A: Example last song spectrogram in yellow probe context for Bird 2. Scale for x-axis is 500ms, y-axis shows frequency. B: Example first song spectrogram in green probe context for Bird 2, sung less than one minute after the song in A. C,D: Sequence probability for example Bird 2 over time, switching from green probe to yellow probe context (C) and switching from yellow probe to green probe context (D). Error bars indicate SEM across song bouts (n = 14 switches (C), 11 switches (D)). The display is cut off at the point where less than half of the curves were still contributing data (i.e. in D, the median number of song bouts after the switch is 6).

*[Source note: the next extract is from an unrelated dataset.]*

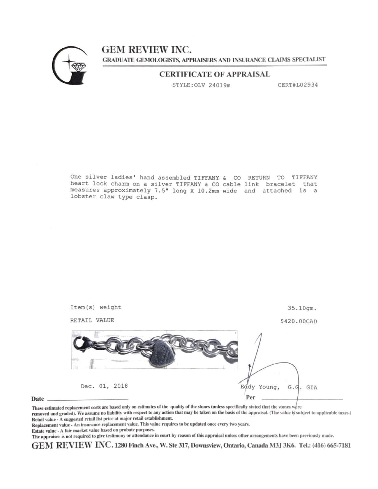 Tiffany & Co. Return to Tiffany Heart Lock Charm Bracelet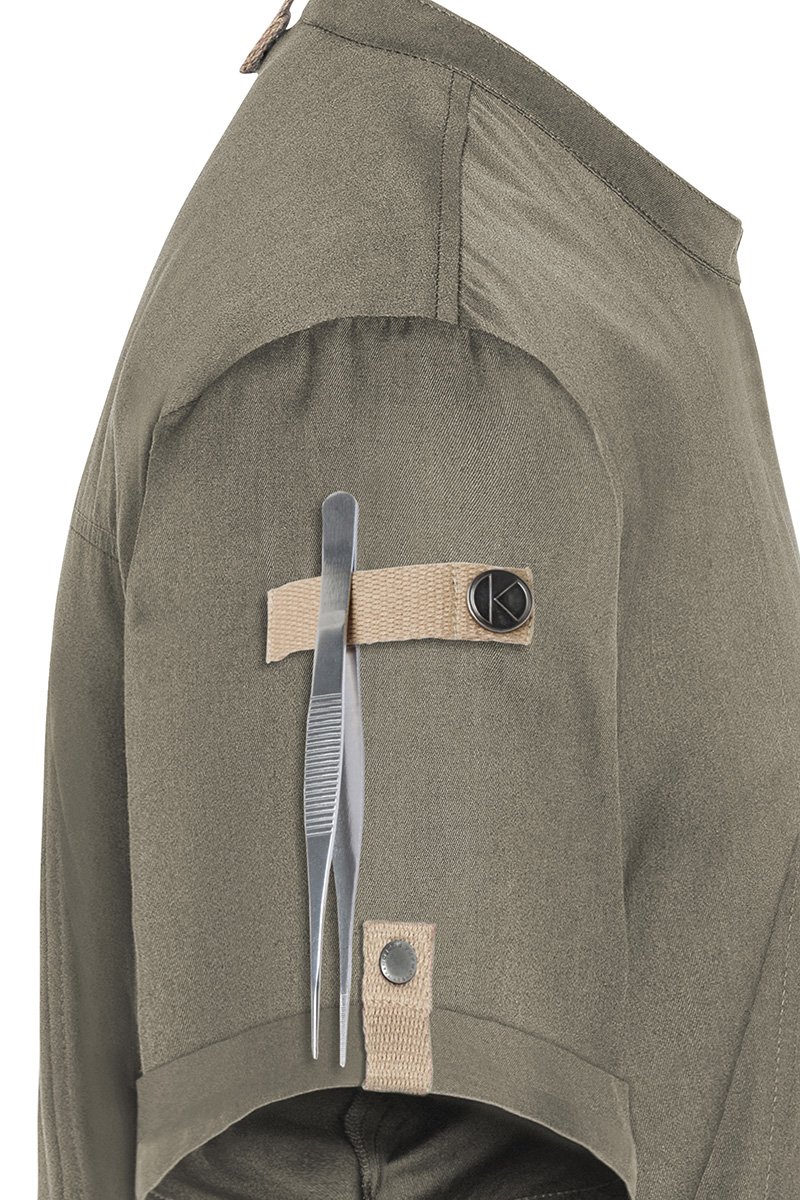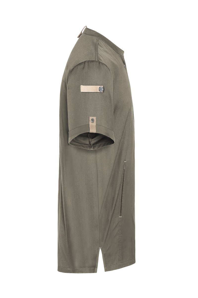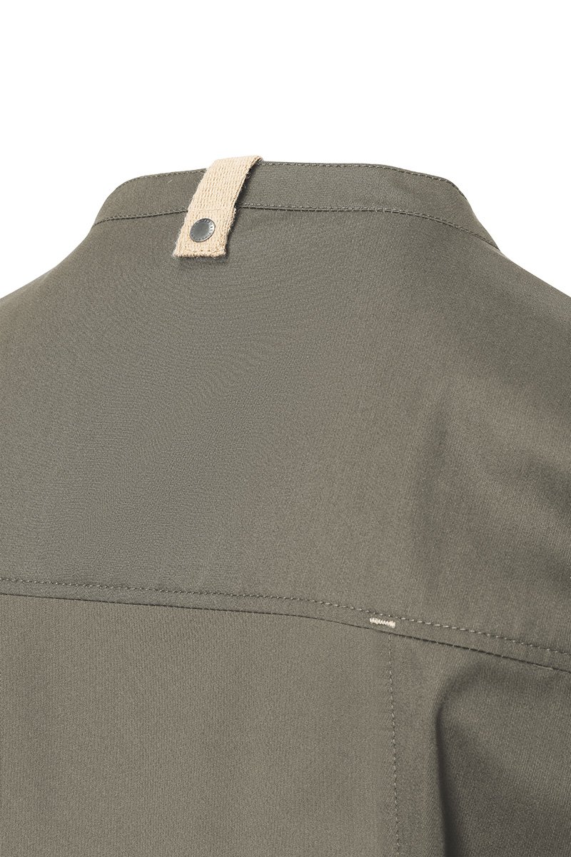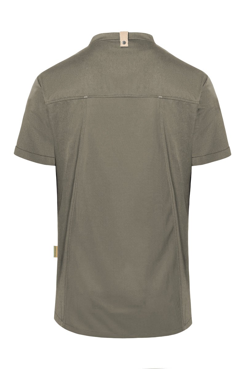 Modernus, tvarus ir itin patogus vyriškas šefo švarkas su trumpomis rankovėmis, sukurtas derinant miesto stilių ir profesionalaus darbo virtuvėje reikalavimus. Priekinė dalis pasiūta iš lengvo, spalvą išlaikančio drobinio audinio (65 % perdirbtas poliesteris / 35 % medvilnė, 150 g/m²), o nugaros dalis — iš kvėpuojančio, drėgmę reguliuojančio džersio pikė audinio (100 % perdirbtas poliesteris). Šis derinys užtikrina puikią ventiliaciją, malonią šilumos kontrolę ir didelę judėjimo laisvę.

E,F: Sequence probability changes for all eight birds at the transition from the last song in green probe contexts to the first song in yellow probe contexts, and vice versa. Example bird in A-D highlighted in bold. G,H: Shift magnitude for direct probe-probe transitions for all birds. Open circles show individual birds, error bars indicate SEM across birds.
Distinct sequence probabilities are specifically associated with different visual cues
The ability to adjust behavior in response to switches between two contexts could potentially depend on a simplified strategy of learning two different motor states and switching between them in response to a detected light switch, independent of the particular colors being switched. In order to test whether birds were using such a strategy or indeed learning specific associations between particular visual cues and particular syllable sequencing states, in a subset of birds we recorded switches between three different color-sequencing pairings. After the conclusion of the other experiments, we introduced blocks of unreinforced context (white light), interleaved with the two previously trained colored contexts. In an example bird (Fig. 4A), switching from the unreinforced context elicited changes in opposite directions for the two different light colors. This was true both for switches into WN blocks and into probe blocks (Fig. 4A). All birds (n = 3) showed adaptive sequencing changes for the first song bout in probe blocks (Fig. 4B,C) as well as fast shifts in the adaptive directions for all color contexts (Fig. 4D 0.11+/−0.04 and 0.19+/−0.05 for switches to green WN and green probe blocks, respectively; −0.15+/−0.06 and −0.09+/−0.02 for switches to yellow WN and yellow probe blocks, respectively). This indicates that birds can indeed maintain at least two different trained sequencing states separate from a ‘neutral’ state, and use specific pairings between colored cues and sequencing states to adjust behavior in distinct directions adaptive for each context.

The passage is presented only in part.